This sample is a simple LD_PRELOAD based tool that allows to collect such GPU hardware metrics as execution unit (EU) active, stall and idle ratios attributed to OpenCL(TM) kernels based on query metrics collection mode.
As a result, table like the following will be printed. For each kernel its call count, total time and metric values will be shown.
=== Device Metrics: ===
Total Execution Time (ns): 417558875
Total Kernel Time (ns): 168604332
Kernel, Calls, Time (ns), Time (%), Average (ns), EU Active (%), EU Stall (%), EU Idle (%)

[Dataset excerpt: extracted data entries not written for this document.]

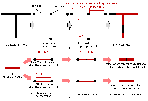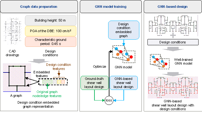 AbstractThe construction industry, traditionally labor-intensive, has now been evolving towards automation and the incorporation of intelligence. Notably, the shear wall layout has been a critical component in structural construction, where neural networks have promoted the emergence of sophisticated design methods. These methods integrate graph neural networks (GNNs), successfully mitigating the computational resource demands and challenges in capturing the topological features, which are the impediments in pixel image-based methods. However, the existing GNN-based methods marginally accommodate structural design conditions and underperform in fulfilling practical engineering requirements. Specifically, these methods overlook influential factors such as the peak ground acceleration (PGA) of the design basis earthquake (DBE), characteristic ground period, and building height, all of which are crucial to the shear wall layout design. To address this research gap, this study proposes an innovative GNN-based design method that duly incorporates design conditions〞including the PGA of the DBE, characteristic ground period, and building height〞and rigorously evaluates its advantages over previous approaches. The findings confirm the efficiency and reliability of the proposed design-condition-informed method and highlight its capability to accurately correlate shear wall layouts with design conditions. Keywordsgraph neural network; design conditions; shear wall structure; intelligent shear wall layout design; deep learning 1. IntroductionReinforced concrete shear wall structures represent a prominent high-rise category requiring diligent architectural and structural design considerations [1-3]. In the design process, the preliminary layout of the structure holds paramount significance [2-5], but its conventional design methods are time-consuming and heavily reliant on the expertise of engineers. In response to these challenges, automated and intelligent design methods have emerged [3, 6-9]. Intelligent design methods based on pixel images for shear wall structural layout [2, 10-14] face significant challenges in accurately representing complex structural forms [3]. Their reliance on high-resolution images leads to sparse critical component features, excessive model parameters, and substantial computing resource demand [3]. In addition, the pixel representation of different architectural and structural elements inadequately encapsulates their topological relationships. This inadequacy obstructs seamless integration with subsequent processes, such as modeling and analysis, often necessitating the development of compensational post-processing algorithms [3, 14-15]. Graph data, including graph nodes and edges, has the natural topological form and the potential to deal with structural problems [16-20]. Unlike the intelligent design methods that rely on pixel images, the graph neural network (GNN) approach utilizes graph data representing the topological features of elements [17, 21] and offers novel solutions for intelligent structural layout design [3, 22-24]. Zhao et al. [3] pioneered the representation of shear wall layouts based on the GNNs. Their results have demonstrated that the GNN-based methods outperform the pixel image-based ones in considering the topological characteristics of building components and the continuity of shear wall layouts. Despite the significant advantages of the GNN-based design method by Zhao et al. [3], certain limitations persist. The current GNN-based design method adopts coarse grouping, dividing the data into categories based on the seismic design intensity and building height for separate training. Consequently, it is challenging to fully account for the correlation between the shear wall layout and seismic design conditions. Crucial design conditions, such as the corresponding peak ground acceleration (PGA) of the design basis earthquake (DBE) with a 10% probability of exceedance in 50 years [25], characteristic ground period, and specific building height, are not adequately considered, resulting in difficulties meeting the design requirements of practical engineering. Liao et al. [13] inspired embedding design conditions into the intelligent structural layout design. However, the research of Liao et al. [13] has several shortcomings: (1) it relies on pixel images, leading to an abundance of model parameters and the inability to consider the topological relationships between the building components [3]. (2) it only considered two types of seismic design intensities in the form of text (※seven§ and ※eight,§ indicating that the corresponding PGAs of the DBE are 100 cm/s2 and 200 cm/s2, respectively) and grouping of three building heights (※H1,§ ※H2,§ and ※H1H2,§ representing heights < 50 m, 50每150 m, and 0每150 m, respectively). The design conditions in discrete groups have significant limitations and cannot fully capture all practical design requirements. For example, a PGA of the DBE of 50 cm/s2 was beyond the scope of Liao et al. [13]*s research. In addition, the design of shear walls could not be accurately guided by a specific height because only rough height groupings were considered. (3) Liao et al. [13] overlooked the characteristic ground period; however, the characteristic ground period frequently collaborates with the PGA of the DBE and natural vibration period of the structure to guide the structural design [26]. To address these deficiencies, this study proposes a design-condition-guided method for shear wall layouts based on the GNNs. By leveraging the powerful topological feature processing capabilities of the GNNs and refining the consideration of three essential design conditions (i.e., the PGA of the DBE, characteristic ground period, and specific building height), this study aims to overcome the abovementioned limitations. This study proposes a GNN-based design method for shear wall layouts that considers the design conditi
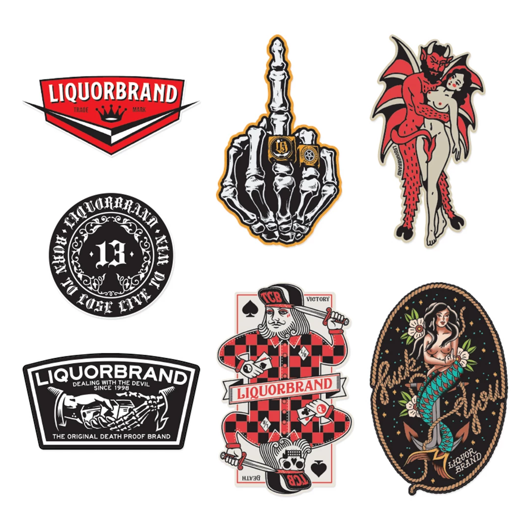 Stick ’em up with this pack of vinyl kiss-cut stickers from Liquorbrand! You’ll get a variety of stickers, 7 different designs in total including the popular devil/lady, fuck you mermaid, middle finger, and more. Each pack includes 21 stickers – 3 of each design – so you can stick ’em anywhere and everywhere!
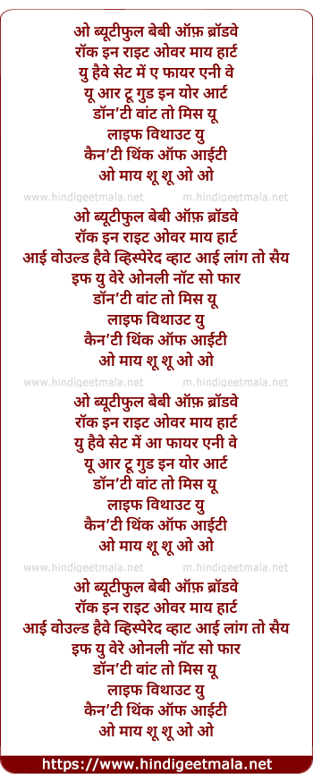 Lyrics of A Beautiful Baby Of Broadway - ए ब्यूटीफुल बेबी ऑफ़ ब्रॉडवे
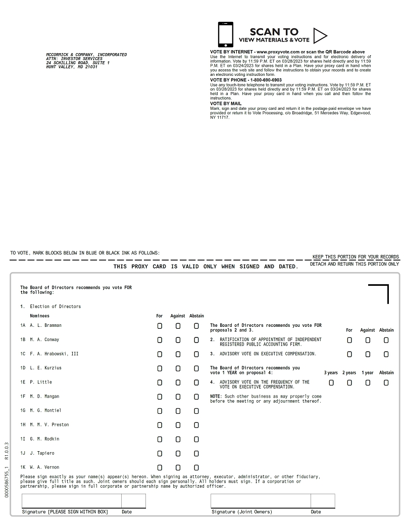 | The proxy statement and McCormick’s Form 10-K for the 2022 fiscal year are available at www.proxyvote.com. These materials are also available on McCormick’s Investor Relations website at ir.mccormick.com under “Investor Resources.” | By

GEMM, 4, 168604332, 100.00, 42151083, 65.01, 34.89, 0.10
To set target device and sub-device to collect metrics from one can specify PTI_DEVICE_ID
and PTI_SUB_DEVICE_ID
environment variables.
- Linux
- Windows
- CMake (version 3.12 and above)
- Git (version 1.8 and above)
- Python (version 2.7 and above)
- OpenCL(TM) ICD Loader
- Intel(R) Graphics Compute Runtime for oneAPI Level Zero and OpenCL(TM) Driver
- Intel(R) Metrics Discovery Application Programming Interface
Run the following commands to build the sample:
cd <pti>/samples/cl_gpu_query
mkdir build
cd build
cmake -DCMAKE_BUILD_TYPE=Release ..
make
Use this command line to run the tool:
./cl_gpu_query <target_application>
One may use cl_gemm as target application:
./cl_gpu_query ../../cl_gemm/build/cl_gemm gpu
Since Intel(R) Metrics Discovery Application Programming Interface library is loaded at runtime, one may need to set its path explicitly, e.g.:
LD_LIBRARY_PATH=$LD_LIBRARY_PATH:/usr/local/lib ./cl_gpu_query ../../cl_gemm/build/cl_gemm gpu
On Linux one may need to enable metrics collection for non-root users:
sudo echo 0 > /proc/sys/dev/i915/perf_stream_paranoid
Use Microsoft* Visual Studio x64 command prompt to run the following commands and build the sample:
cd <pti>\samples\cl_gpu_query
mkdir build
cd build
cmake -G "NMake Makefiles" -DCMAKE_BUILD_TYPE=Release -DCMAKE_LIBRARY_PATH=<opencl_icd_lib_path> ..
nmake
Use this command line to run the tool:
cl_gpu_query.exe <target_application>
One may use cl_gemm as target application:
cl_gpu_query.exe ..\..\cl_gemm\build\cl_gemm.exe
Since Intel(R) Metrics Discovery Application Programming Interface library is loaded at runtime, one may need to set its path explicitly (see the output of cmake), e.g.:
set PATH=%PATH%;C:\Windows\system32\DriverStore\FileRepository\igdlh64.inf_amd64_d59561bc9241aaf5
cl_gpu_query.exe ..\..\cl_gemm\build\cl_gemm.exe